Lawrence Stone defined the elements of the optimal search problem in his 1986 book, Theory of Optimal Search.
This was paraphrased extremely well by Cooper, Frost and Robe in their 2003 report – Compatibility of Land SAR Procedures with Search Theory as quoted below;
A probability density distribution on search object location and state (so the probability of containment, POC (a.k.a. POA for “probability of area”), for any subset of the possible locations and states can be estimated),
A detection function relating the probability of detecting (POD) the object if it is in a searched area to the density of the searching effort expended there,
A known finite amount of available searching effort, and
An optimization criterion of maximizing probability of finding the object in a desirable state (probability of success or POS) subject to the constraint on effort availability.

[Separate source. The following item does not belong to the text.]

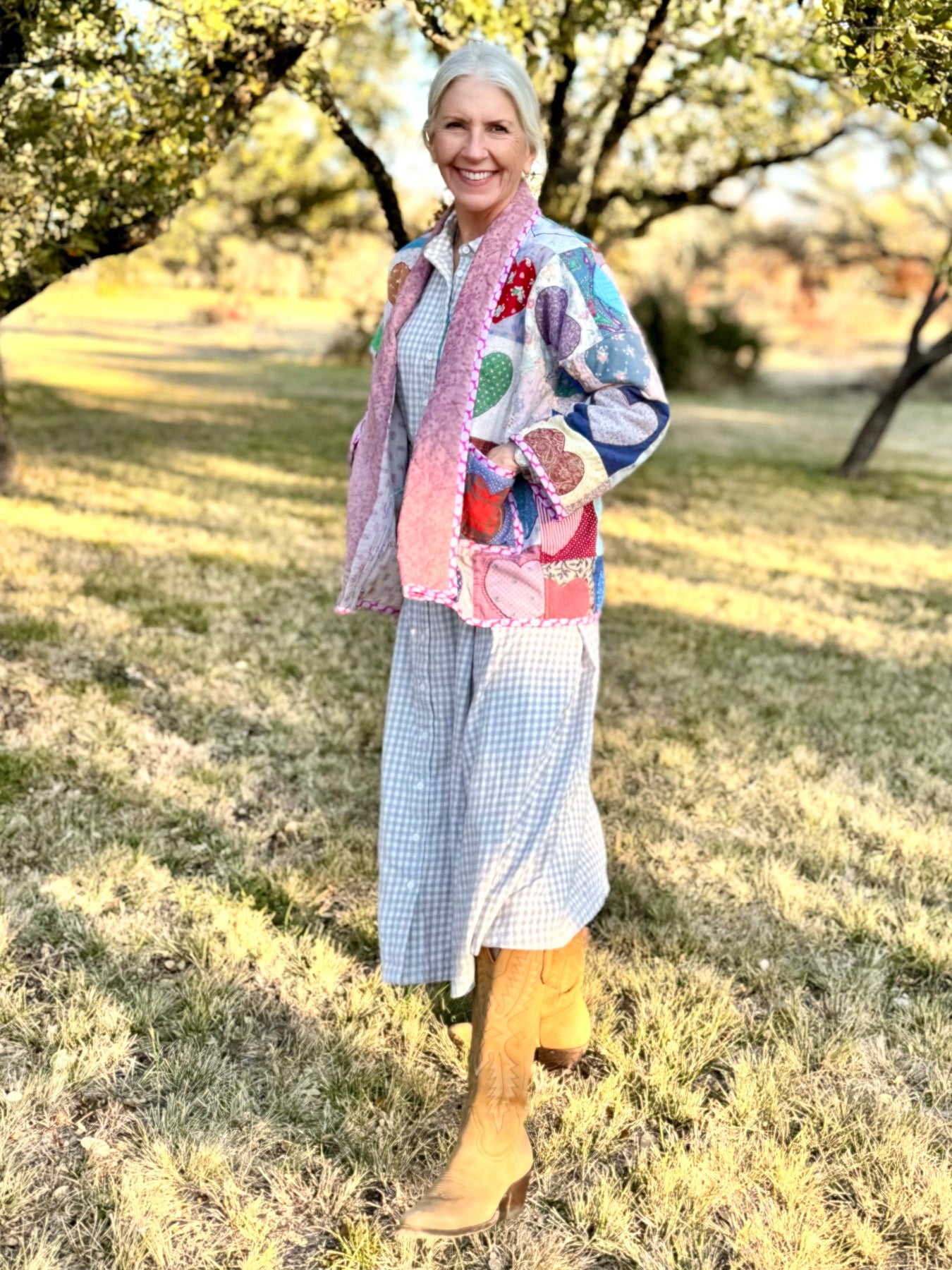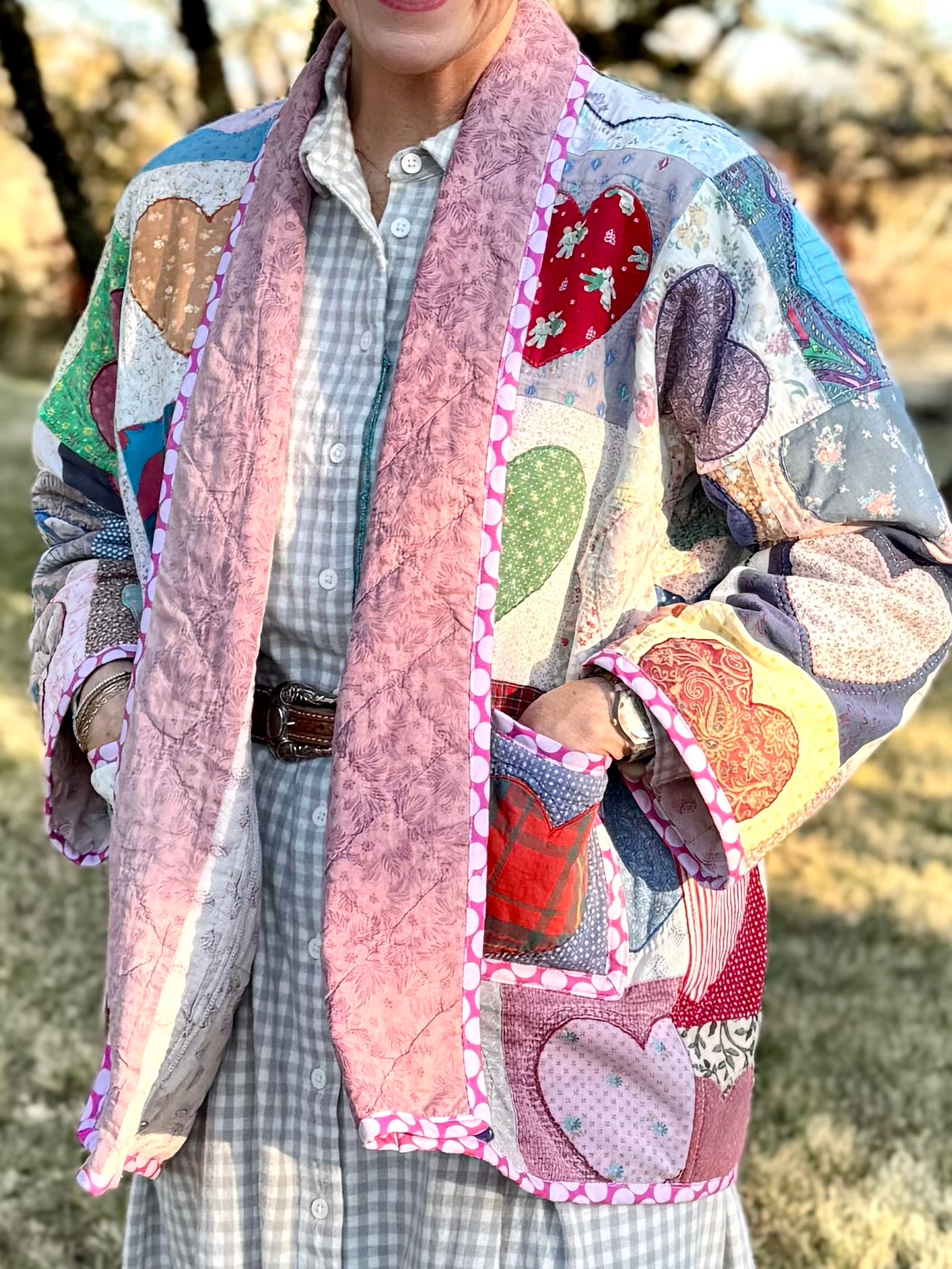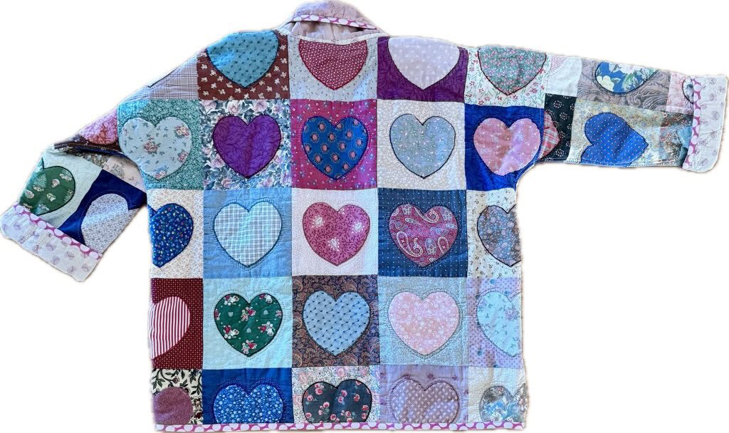 This adorable jacket is made from a whimsical heart appliqué quilt, presumed to be handmade in the 1980’s. Thoroughly cleaned by Throw and repurposed by gifted artist, Lottie Dal, she’s a true expression of love!

I will endeavour to simplify further. In order to need and/or use the mathematics of search theory you require four essential elements.
- The ability to predict the likelihood that an object is in any particular search area or region. This might be done using sophisticated computer software working with the latest missing person behaviour statistics, or could be as simple as a coming up with a consensus within the search planning team.
- The ability to calculate the likelihood a given search resource will have of finding the object if it in the area being searched – unfortunately we can’t ask how many clues would you have found! [See my definition of POD for a brief explanation of why]
- A limited but known amount of search resource – when do you ever get too much search resource?
- A method of calculating the best way to use the search resource to maximise the chances of finding the search object as quickly as possible.
I’ll look in detail at each of these in further posts.